Dataset entries:
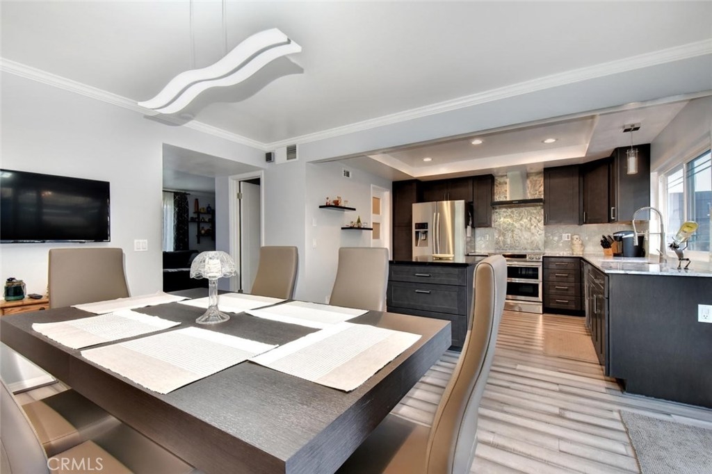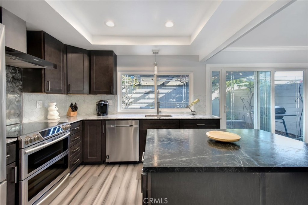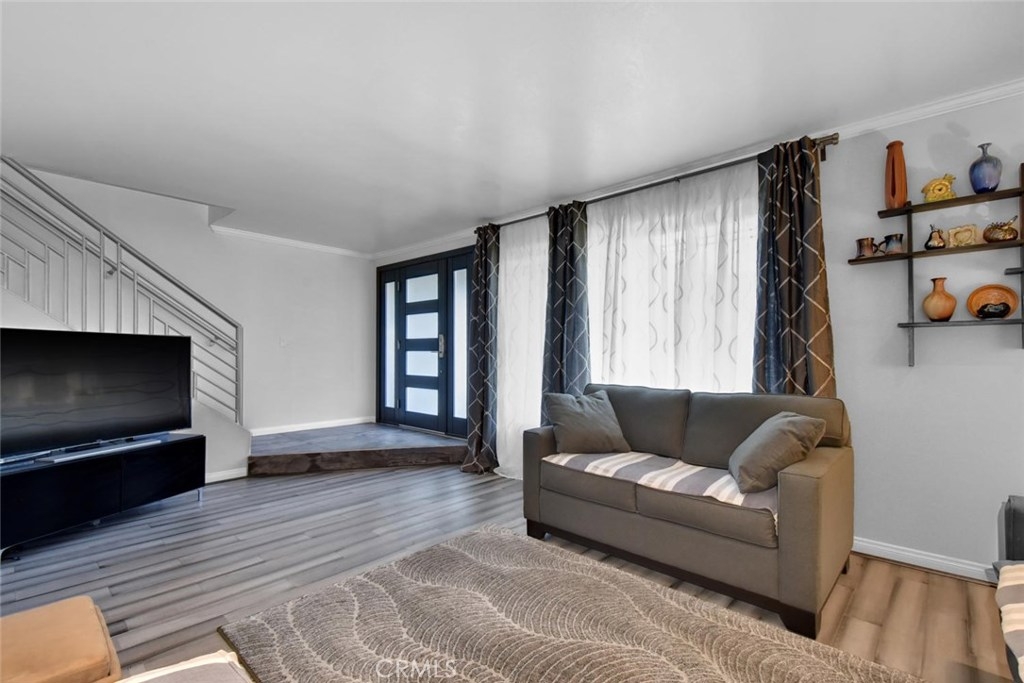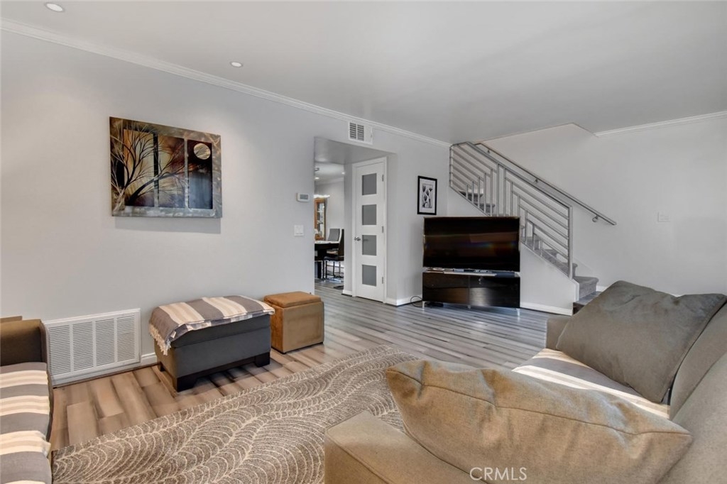 Gorgeous top to bottom Tanglewood remodel in award winning Los AL School district (LAUSD). Enter the property through a custom front door that has been matched to interior doors. Beautiful engineered hardwood floors throughout lower level lead you through the family room and into a spacious and showstopping kitchen. Custom counters were made using soapstone and quartz. New Samsung range oven & dishwasher, walk in pantry as well as an additional service/storage closet. Customization's include etched/matching dual pane windows throughout, matching slider, crown molding, baseboards, LED lighting, custom welded baluster/rail, designer bath fixtures, shower enclosure and jacuzzi tub. All new patio has been accented with horizontal wood walls on both sides, flooring and dark stained pergola/awning. Copper plumbing and new water heater, new electrical panel inside and new garage door and opener. Residents have access to community clubhouse and pool. Property is located just 5 minutes away from the highly acclaimed Oxford Academy.
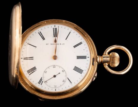 H. Moser & Cie. A '14K' stamped engine turned hunter pocket watch: no. 29635 the white enamelled dial with Roman numerals and subsidiary seconds dial, approximately 52mm case diameter, 105gms gross weight.
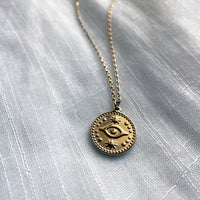 Protect your energy and invite positivity with the Evil Eye necklace. With a gold-plated pendant engraved with a shimmering evil eye and delicately carved stars, this piece is a symbol of strength and protection. Its versatile design makes it ideal for layering or wearing as a subtle statement.
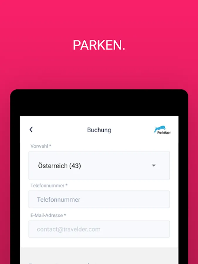 Parktiger offers you inexpensive parking spaces at Vienna Airport or in the city center of Vienna. With the Parktiger app you only have to register once and you can then book your parking space at any time with a few clicks without having to enter your data again. In addition, the app gives you a good overview of all upcoming and past bookings.
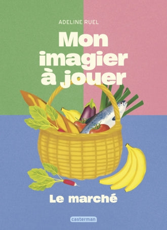Un imagier à jouer, pour découvrir les produits du marché, de la poissonnerie, de la fromagerie, de la boulangerie et du fleuriste.
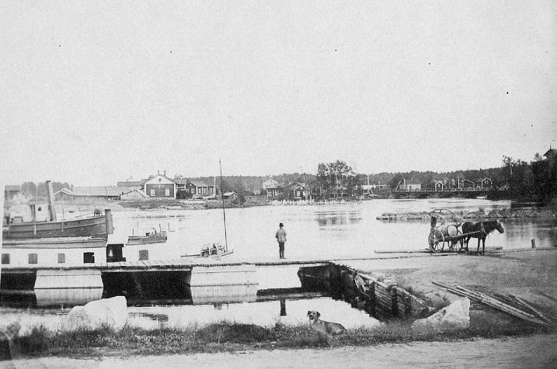 Joensuun satama... hevonen, laiturit, puurakennukset, joet |
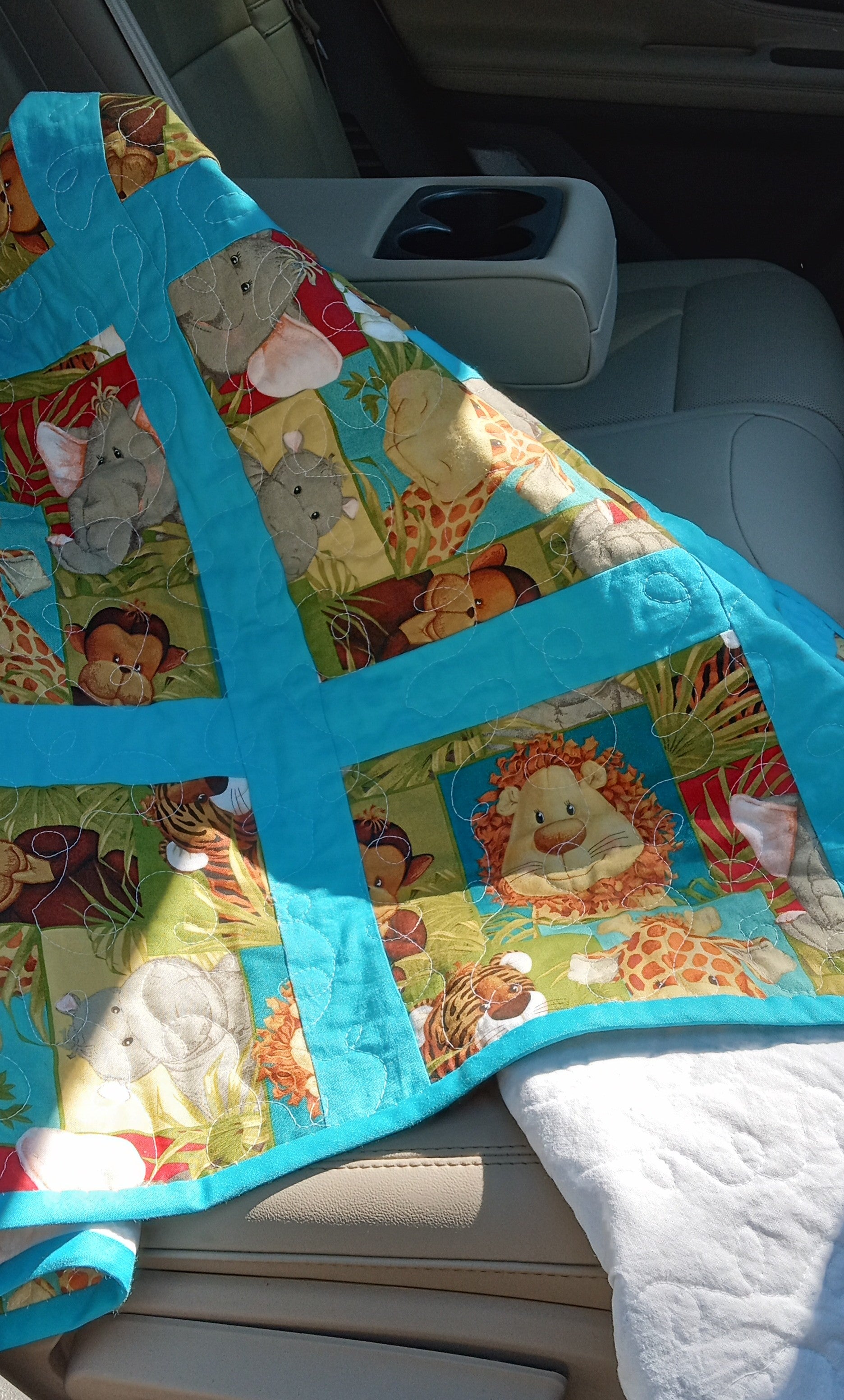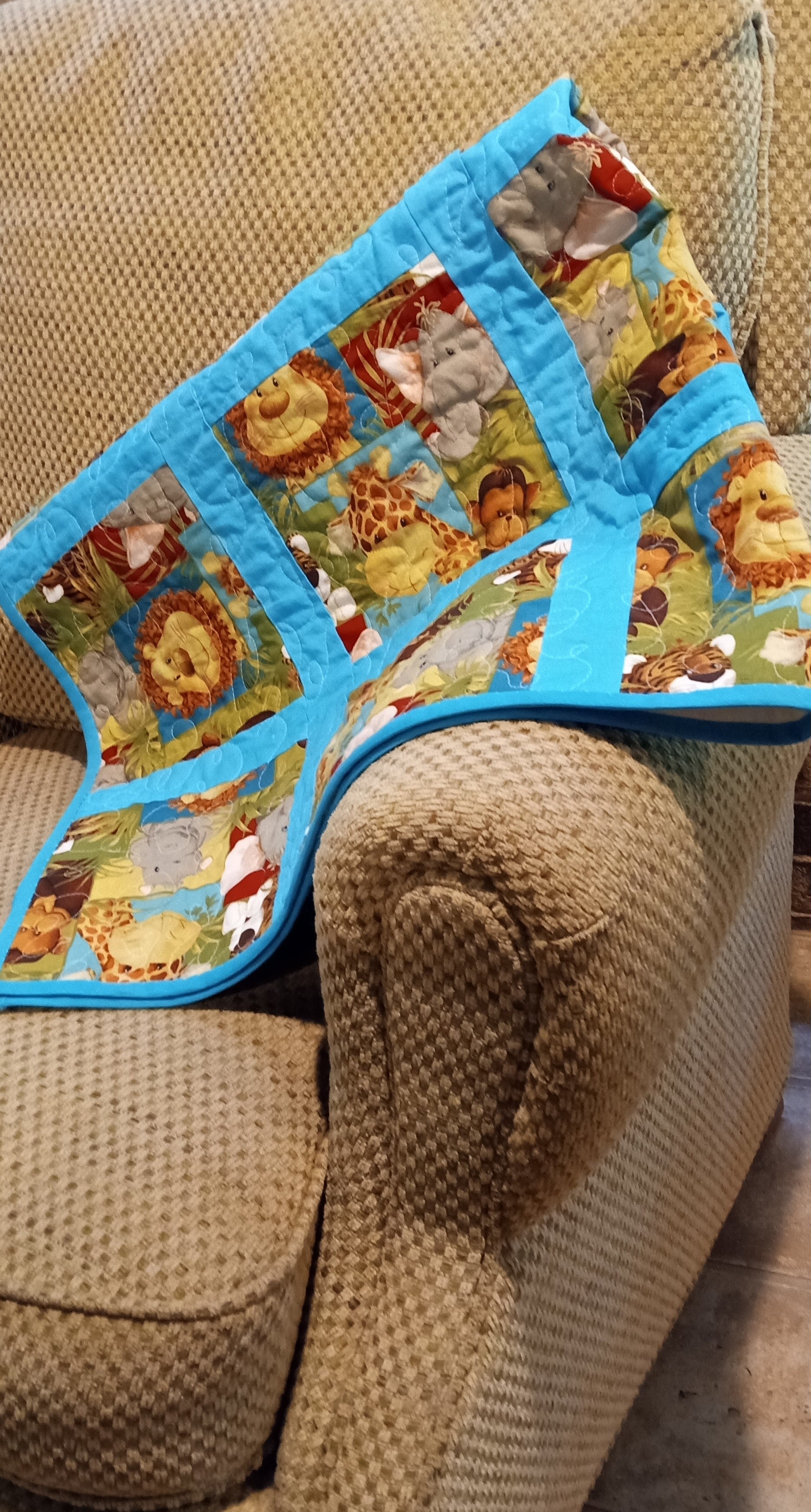 From baby showers to “just because” gifts, the Animals Out of the Blue quilt is a versatile, practical, and adorable choice for little ones to snuggle under.

[Work instructions]: Quote, please, only the lines running from the one with "Joensuun satama... hevonen, laiturit, puurakennukset, joet" down to the final line of the data above, keeping both ends and skipping the pictures.

[Exercise output]:
 Joensuun satama... hevonen, laiturit, puurakennukset, joet |
 From baby showers to “just because” gifts, the Animals Out of the Blue quilt is a versatile, practical, and adorable choice for little ones to snuggle under.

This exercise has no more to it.